# Data records
BEGIN

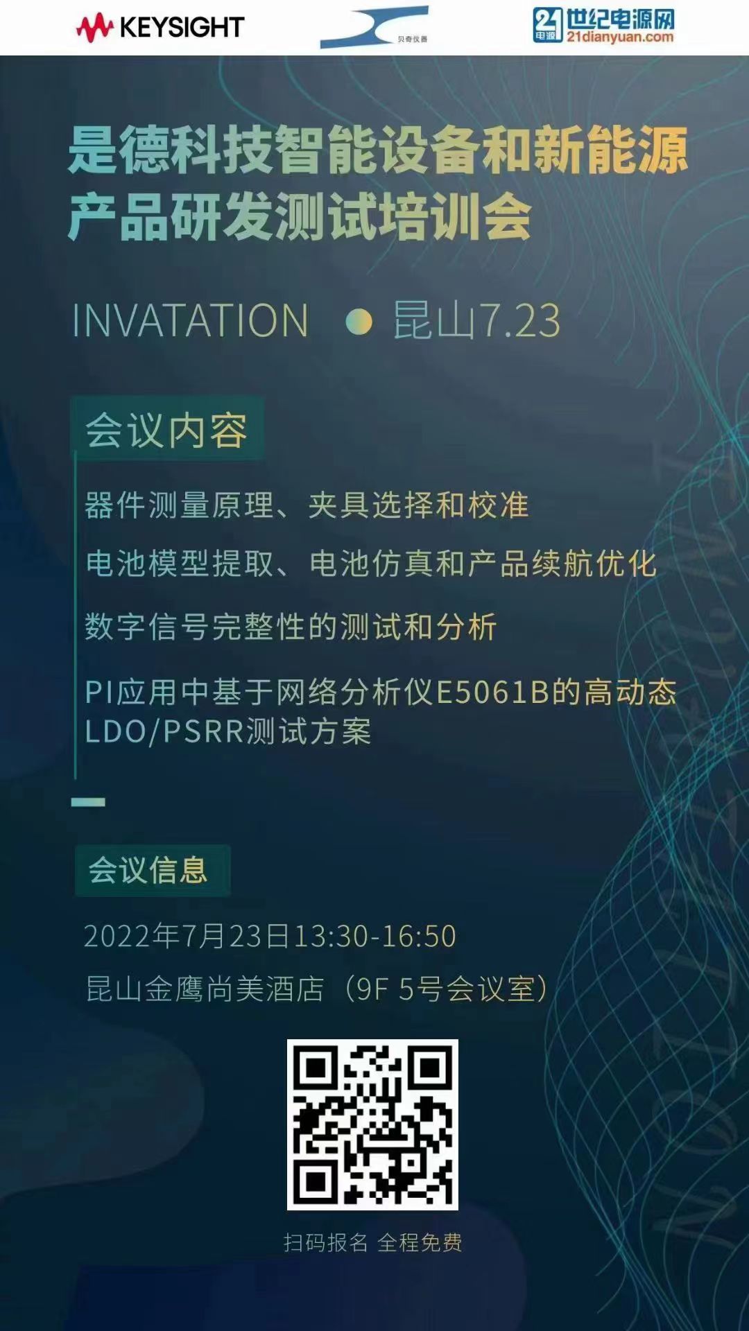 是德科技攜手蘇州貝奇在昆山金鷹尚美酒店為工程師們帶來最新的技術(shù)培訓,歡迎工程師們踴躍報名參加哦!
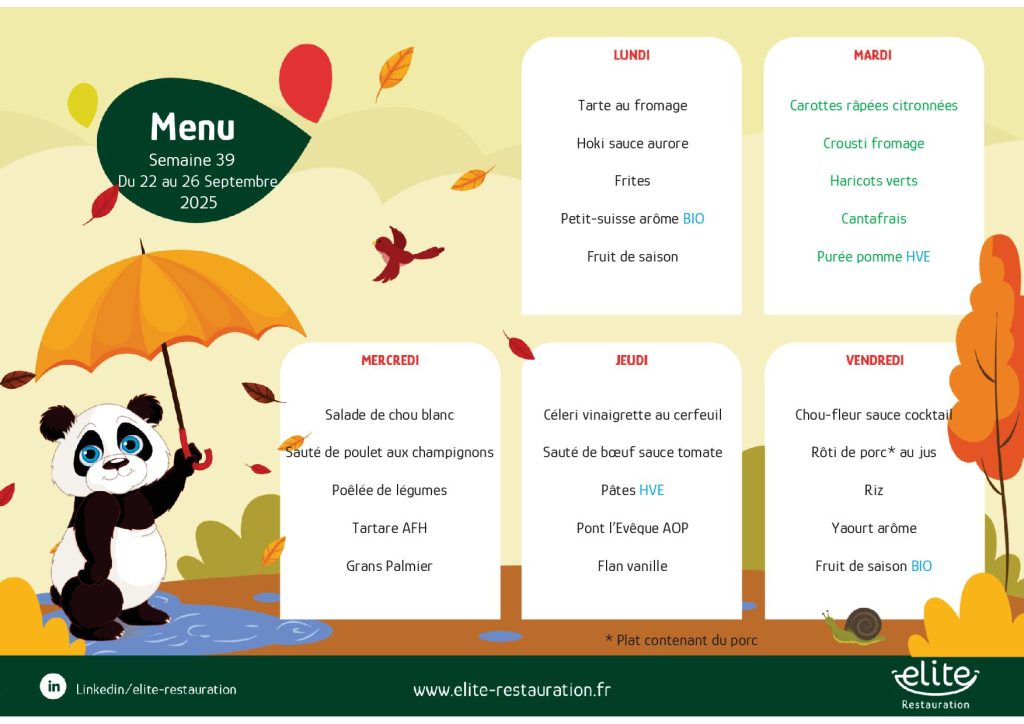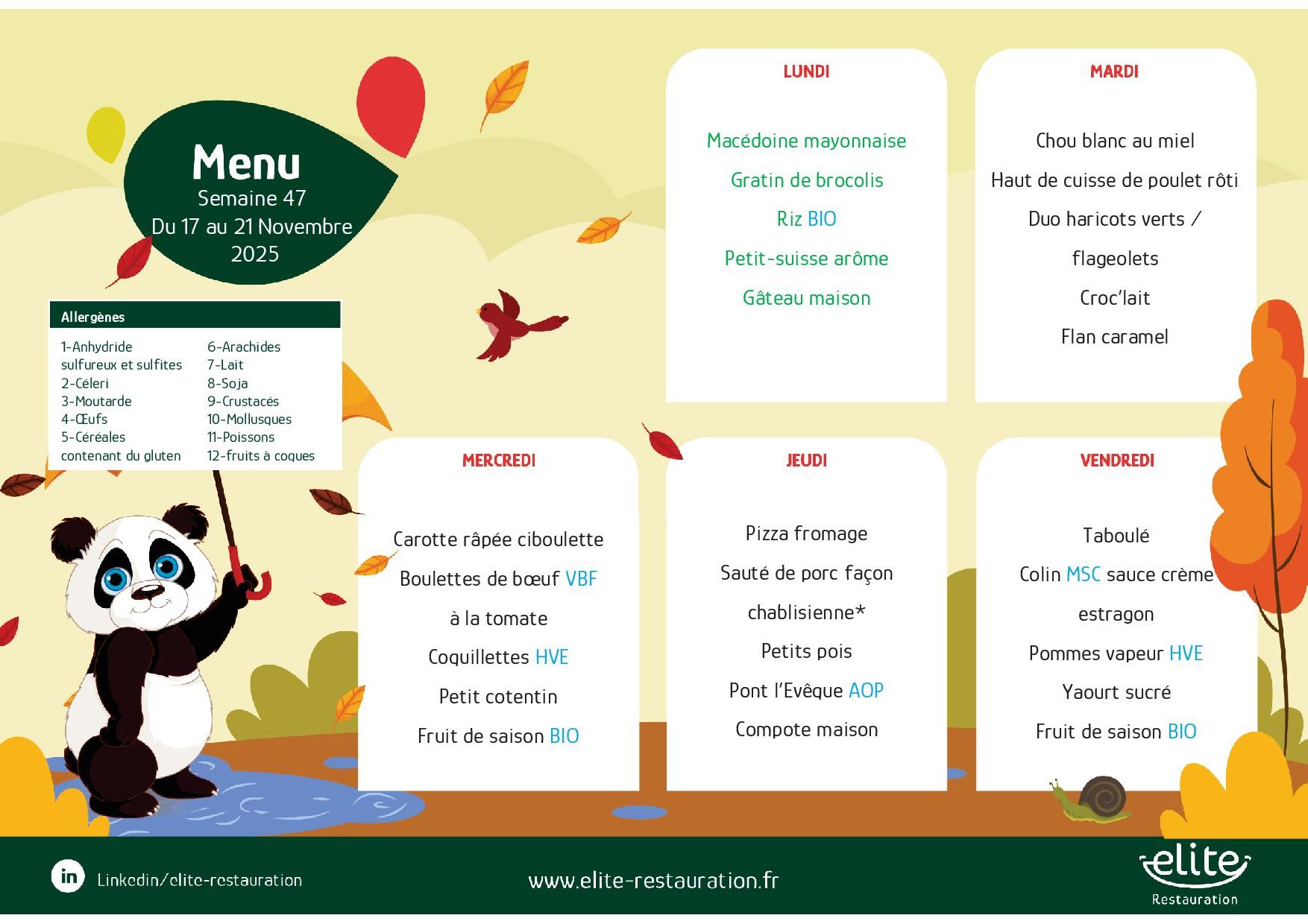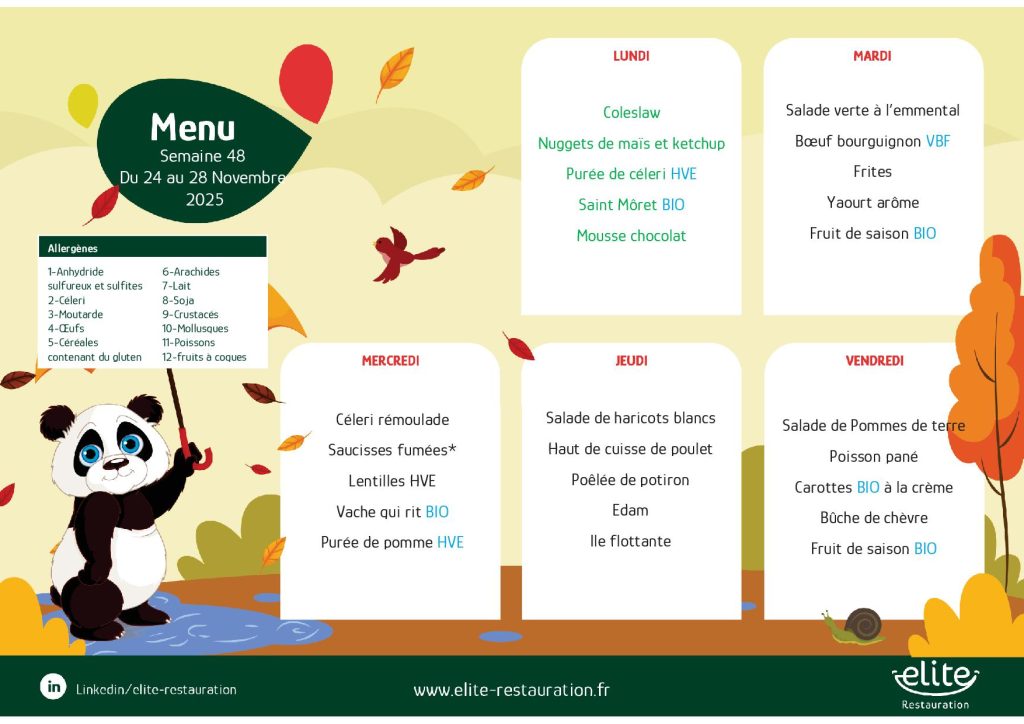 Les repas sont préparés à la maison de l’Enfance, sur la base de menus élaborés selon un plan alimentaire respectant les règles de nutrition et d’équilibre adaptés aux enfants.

END
BEGIN

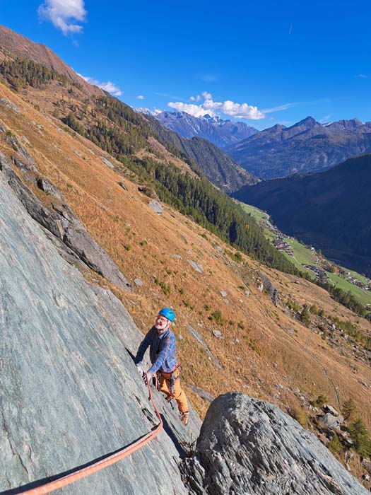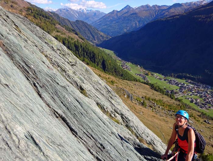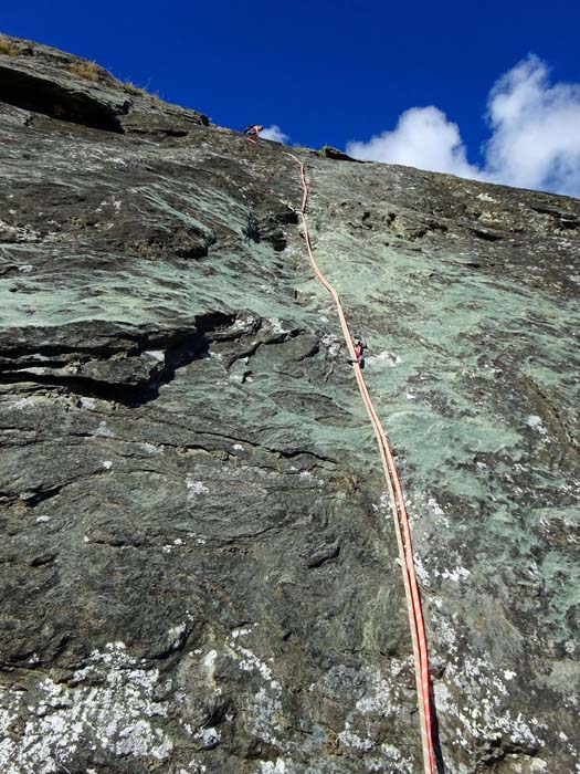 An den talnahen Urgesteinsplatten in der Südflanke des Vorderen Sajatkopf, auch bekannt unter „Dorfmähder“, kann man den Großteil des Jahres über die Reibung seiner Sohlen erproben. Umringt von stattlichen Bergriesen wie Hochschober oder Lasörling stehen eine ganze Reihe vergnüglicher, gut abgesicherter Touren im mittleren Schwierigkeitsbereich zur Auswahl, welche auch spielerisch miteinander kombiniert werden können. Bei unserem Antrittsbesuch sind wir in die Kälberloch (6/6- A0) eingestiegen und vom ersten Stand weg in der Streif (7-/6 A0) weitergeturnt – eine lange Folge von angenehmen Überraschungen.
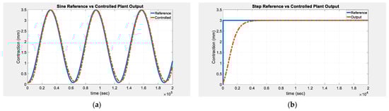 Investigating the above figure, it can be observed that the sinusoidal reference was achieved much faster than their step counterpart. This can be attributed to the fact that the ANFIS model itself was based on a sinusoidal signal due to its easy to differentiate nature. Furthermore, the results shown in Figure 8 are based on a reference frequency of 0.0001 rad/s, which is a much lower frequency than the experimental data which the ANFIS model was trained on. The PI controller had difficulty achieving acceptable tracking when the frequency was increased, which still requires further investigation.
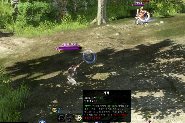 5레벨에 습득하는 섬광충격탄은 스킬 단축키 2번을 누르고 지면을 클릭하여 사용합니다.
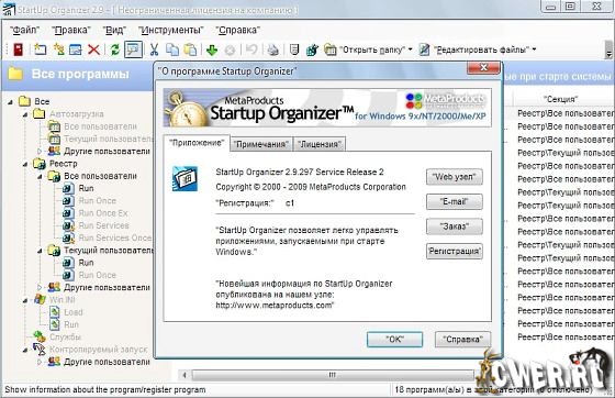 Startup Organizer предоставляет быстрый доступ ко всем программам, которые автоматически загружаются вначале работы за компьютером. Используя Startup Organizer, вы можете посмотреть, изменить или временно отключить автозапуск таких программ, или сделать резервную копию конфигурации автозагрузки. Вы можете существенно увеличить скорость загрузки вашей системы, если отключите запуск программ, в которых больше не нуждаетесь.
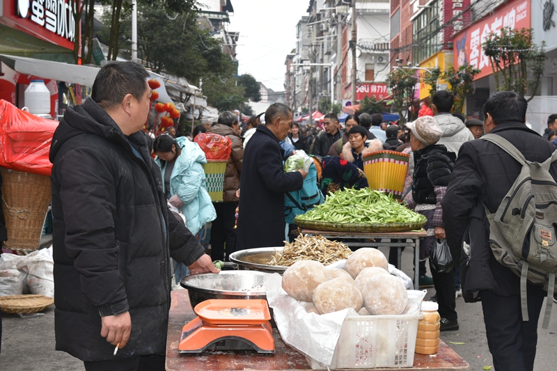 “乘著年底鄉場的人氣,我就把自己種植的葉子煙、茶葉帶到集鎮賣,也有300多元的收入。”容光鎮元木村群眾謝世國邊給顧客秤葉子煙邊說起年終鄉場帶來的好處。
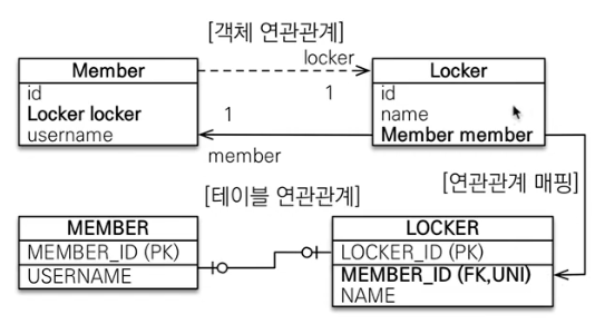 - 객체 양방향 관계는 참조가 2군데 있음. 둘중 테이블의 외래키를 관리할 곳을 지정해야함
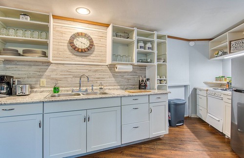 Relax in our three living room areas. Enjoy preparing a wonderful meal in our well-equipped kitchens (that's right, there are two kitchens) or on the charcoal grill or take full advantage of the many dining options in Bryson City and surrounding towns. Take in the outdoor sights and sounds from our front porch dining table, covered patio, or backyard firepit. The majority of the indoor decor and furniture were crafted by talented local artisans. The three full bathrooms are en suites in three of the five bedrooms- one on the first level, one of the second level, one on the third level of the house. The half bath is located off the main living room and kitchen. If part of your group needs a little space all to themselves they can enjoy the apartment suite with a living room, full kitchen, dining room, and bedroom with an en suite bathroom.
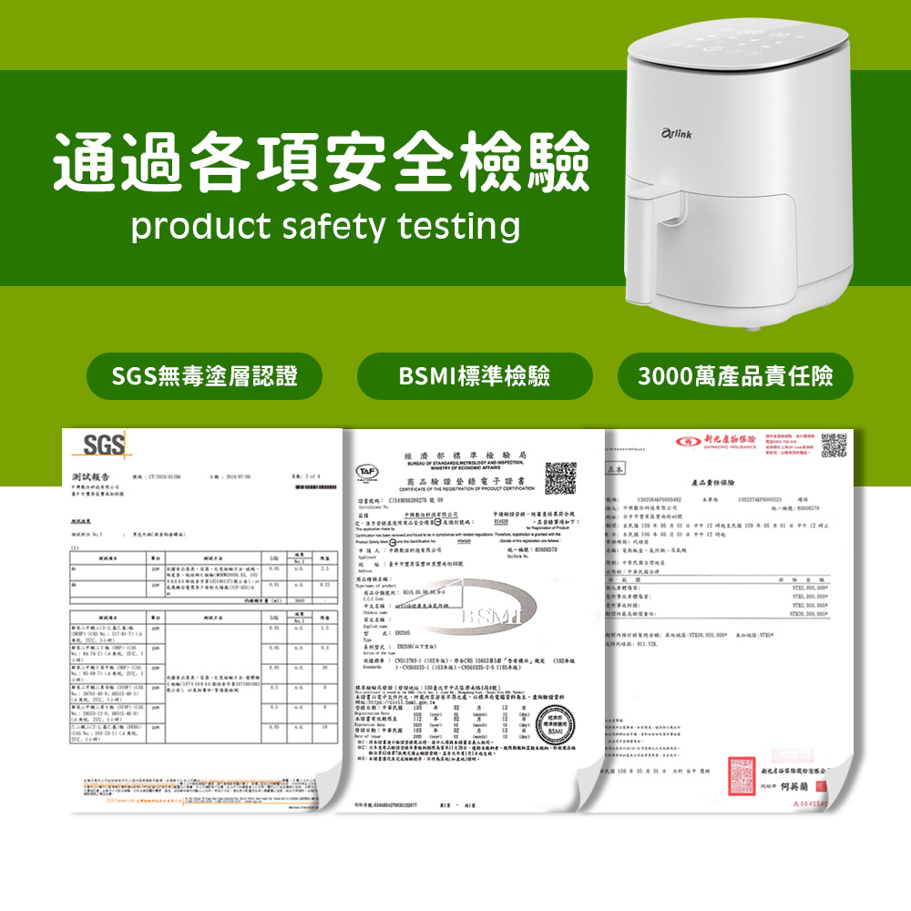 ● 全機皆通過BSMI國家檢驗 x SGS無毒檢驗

END

Range to copy from the listing above: the line containing "Startup Organizer предоставляет" down to the line containing "- 객체 양방향 관계는", both included. Reproduce it exactly, minus the pictures, and add nothing.

# Solution to this problem
 Startup Organizer предоставляет быстрый доступ ко всем программам, которые автоматически загружаются вначале работы за компьютером. Используя Startup Organizer, вы можете посмотреть, изменить или временно отключить автозапуск таких программ, или сделать резервную копию конфигурации автозагрузки. Вы можете существенно увеличить скорость загрузки вашей системы, если отключите запуск программ, в которых больше не нуждаетесь.
 “乘著年底鄉場的人氣,我就把自己種植的葉子煙、茶葉帶到集鎮賣,也有300多元的收入。”容光鎮元木村群眾謝世國邊給顧客秤葉子煙邊說起年終鄉場帶來的好處。
 - 객체 양방향 관계는 참조가 2군데 있음. 둘중 테이블의 외래키를 관리할 곳을 지정해야함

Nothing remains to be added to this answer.